#村长说10.27 market analysis,

What to watch this week and what to watch today

Preface

Data released by Dali showed that GDP in the third quarter was 4.9%, higher than the expected value of 4.3% and higher than the previous value of 2.10%. The core price index PCE in the third quarter was 2.4%, lower than the expected value of 2.50% and lower than the previous value of 3.70%. In the third quarter, GDP hit a new high since the fourth quarter of 2021, and the PCE core price index hit a new low since the first quarter of 2021.

The changes suggest the economy remains capricious and inflation is falling. Traders generally believe the Fed will keep interest rates on hold for the rest of the year. It is speculated that there is a high probability that interest rates will not be raised in November. . . .

Market review

Recently, after the big pie flew to around 35280, it started a 24-hour consolidation, and the market experienced a hot spot rotation. The second pie took over the big pie's stick and began to charge. The highest price yesterday was around 1872.

The main reason for this rise is the expectation that the spot ETF may be approved in the near future, so it can be regarded as a calf until the SEC does not explicitly reject it~~

Today’s highlights and this week’s retracement will lead to long positions.

Look for some small coins to pull back and go long. The market has reached a new high. The market should be bullish. The external environment continues to be bad at present. The market is consolidating between 33600-34600. When the consolidation is over, it is estimated that there will be another vigorous charge. The editor's opinion is that the highest point this time is around 36,000.
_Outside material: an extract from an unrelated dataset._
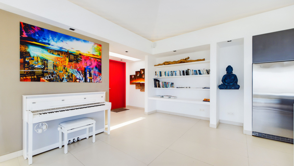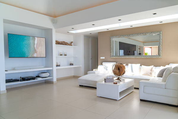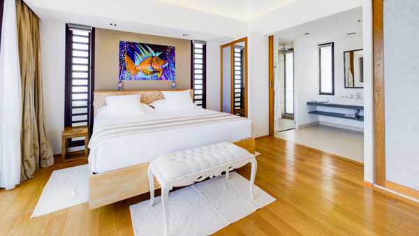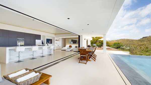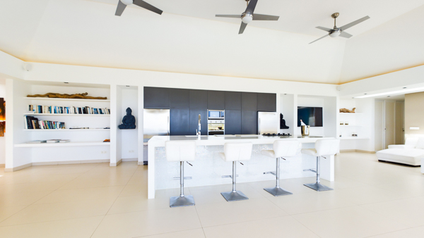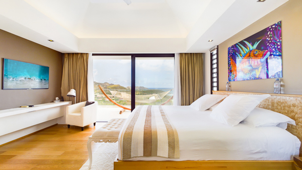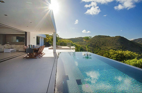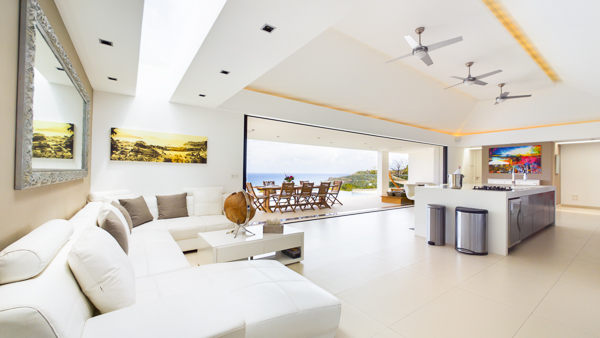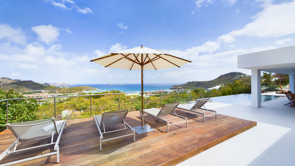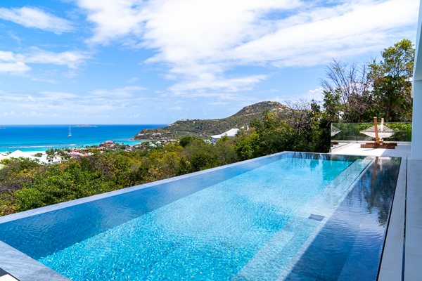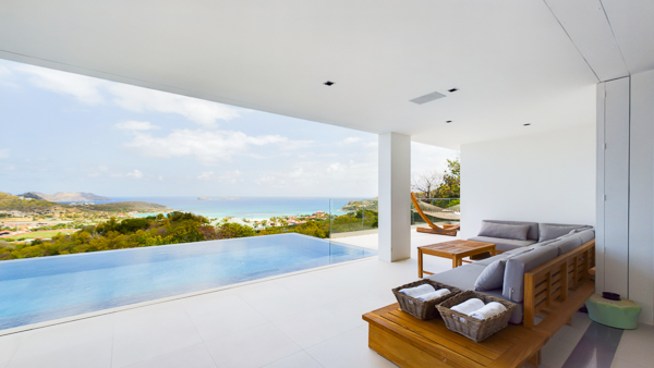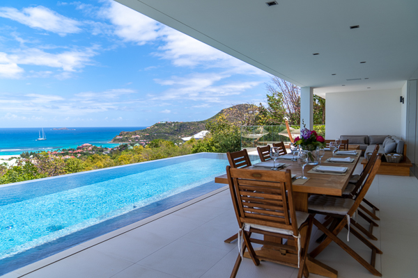 Castaway to Villa Diamond, a contemporary 2-bedroom villa located in St. Jean. Situated on the edge of a nature reserve, this hillside gem offers peerless privacy and sweeping views of the islands Île Toc Vers and Île Frégate. Inside is spacious, tranquil, and luxurious. Worldly and tasteful déco enhances the soothing atmosphere, from a large Buddha statue in the great room to artful pieces of reclaimed wood. But the real star of the show at this villa is the stunning vista over St. Barts, taking in the undulating hills, rugged coastline, and sparkling ocean. A few minutes away by car is the beach at St-Jean, where striking turquoise water laps at a soft white shore. Also within easy driving distance is the capital city of Gustavia, home to word class restaurants and shops. Living Spaces: A large and airy great room is at the heart of Villa Diamond, consisting of the living room and a large kitchen. The entire wall opens to the outdoor terrace, making the entire space feel as if it’s part of the outside. Nestled in the corner is a soft leather sofa, where you can enjoy the views or simply kick back and relax. From this vantage point, the soft sea breezes might just lull you asleep. Kitchen and Dining Room: The modern kitchen at Diamond Villa is a foodie’s dream. Sleek cabinetry hides away the high-end appliances, while the views will inspire you to experiment with local flavors. Our concierge can even organize grocery pre-stocking or delivery, catered meals, or arrange a private chef service for a special occasion. The large kitchen island also doubles as a breakfast bar, with five stools lining the bench. It’s a great spot for an espresso and some pastries in the morning. An outdoor dining table with seating for up to 8 guests is a magnificent setting for more formal meals, toasting to your island vacation with a bottle of French wine, gourmet food, and ocean views. Bedrooms: The 2 bedrooms at Villa Diamond are on either end of the great room, ensuring privacy between guests. Creamy neutral color schemes combine with light wooden hues, creating a contemporary feel. King-sized beds in both promise a fabulous night’s sleep. Doors lead onto the outdoor terrace in both rooms, with screens letting you fall asleep with the gentle breeze without the worry of insects finding their way inside. Both rooms also come with spacious ensuites, with rainfall showers and double vanities. Outdoor Features: The spacious outdoor living area features plenty of space to lounge about in the Caribbean sun. Immediately next to the dining table is an outdoor lounge, offering a great spot for an evening cocktail hour or aperitif. Sun-seekers will love the loungers on either side of the pool, overlooking the hills rolling down to meet the coast at St-Jean. If things get too hot, it’s as easy as slipping into the pool to cool off, the infinity-edge seemingly spilling over into the palm trees below. The beach at St-Jean is a few minutes away by car. Elegant beach bars and restaurants line the shore, offering a slice of the good life in St. Barts. Further afield, Lorient Beach is a only 5-minute drive away. Amenities: Exquisite details at Villa Diamond help make your stay excellent. This property also comes with a Sonos sound system, high-speed Wi-Fi, a gas grill, and U.S. satellite TV. Villa Diamond in St. Barts comes with house cleaning services six days a week, except on holidays. During the December holidays, the villa rents at full occupancy rates regardless of how many bedrooms are used. This villa is suitable for children aged 10 and older. * Note - A four-wheel drive is highly recommended. For more information, contact your villa specialist today at 800-449-1553.Please fill out the form to begin your inquiry and we will connect you with a seasoned villa rental specialist.

Reason: The general environment does not support a sustained surge. The biggest reason why the market can rise so much currently is the expectation for the market spot ETF. If this expectation is passed, it will be good for the implementation. If it does not pass, it will be waiting and holding the market. Most of them are large institutions and consortiums. This wave of promotion is not sudden, but it is very powerful. There are not many retail investors getting on board. What is the purpose of large institutions and consortiums to promote the market? There is still half a year left for the pie to be halved. It’s so beautiful. The rate cut is at least half a year away.
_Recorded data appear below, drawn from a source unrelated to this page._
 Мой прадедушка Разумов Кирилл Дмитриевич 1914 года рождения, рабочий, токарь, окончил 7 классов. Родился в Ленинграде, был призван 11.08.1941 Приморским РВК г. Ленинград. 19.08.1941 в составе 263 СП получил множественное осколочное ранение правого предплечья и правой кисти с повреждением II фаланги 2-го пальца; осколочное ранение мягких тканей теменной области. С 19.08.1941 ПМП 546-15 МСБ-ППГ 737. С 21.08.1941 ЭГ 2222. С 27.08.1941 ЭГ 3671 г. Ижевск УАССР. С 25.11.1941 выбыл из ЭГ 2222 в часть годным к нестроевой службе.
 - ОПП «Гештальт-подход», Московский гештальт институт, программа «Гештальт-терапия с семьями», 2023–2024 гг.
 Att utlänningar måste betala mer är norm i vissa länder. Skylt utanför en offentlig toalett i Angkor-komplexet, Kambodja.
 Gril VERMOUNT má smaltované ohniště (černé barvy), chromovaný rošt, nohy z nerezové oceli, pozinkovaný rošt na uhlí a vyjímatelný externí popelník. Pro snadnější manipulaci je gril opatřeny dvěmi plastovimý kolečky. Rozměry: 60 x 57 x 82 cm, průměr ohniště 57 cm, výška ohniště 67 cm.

What are spot ETFs? (Entrances for multiple retail investors to enter the market). After careful analysis, there is only one conclusion that can be drawn: high-level shipments. The editor's opinion is, hold on, wait for a high position, and go short. Thinking about the market situation on the eve of the halving in 2020, the history is always similar.

The second pie currently breaks through 1850, reaching a maximum of around 1870. The major support points at the intraday level are mainly around 1750-1780, and the first target resistance point above focuses on the 1880 range.The article contains personal opinions and does not constitute investment advice.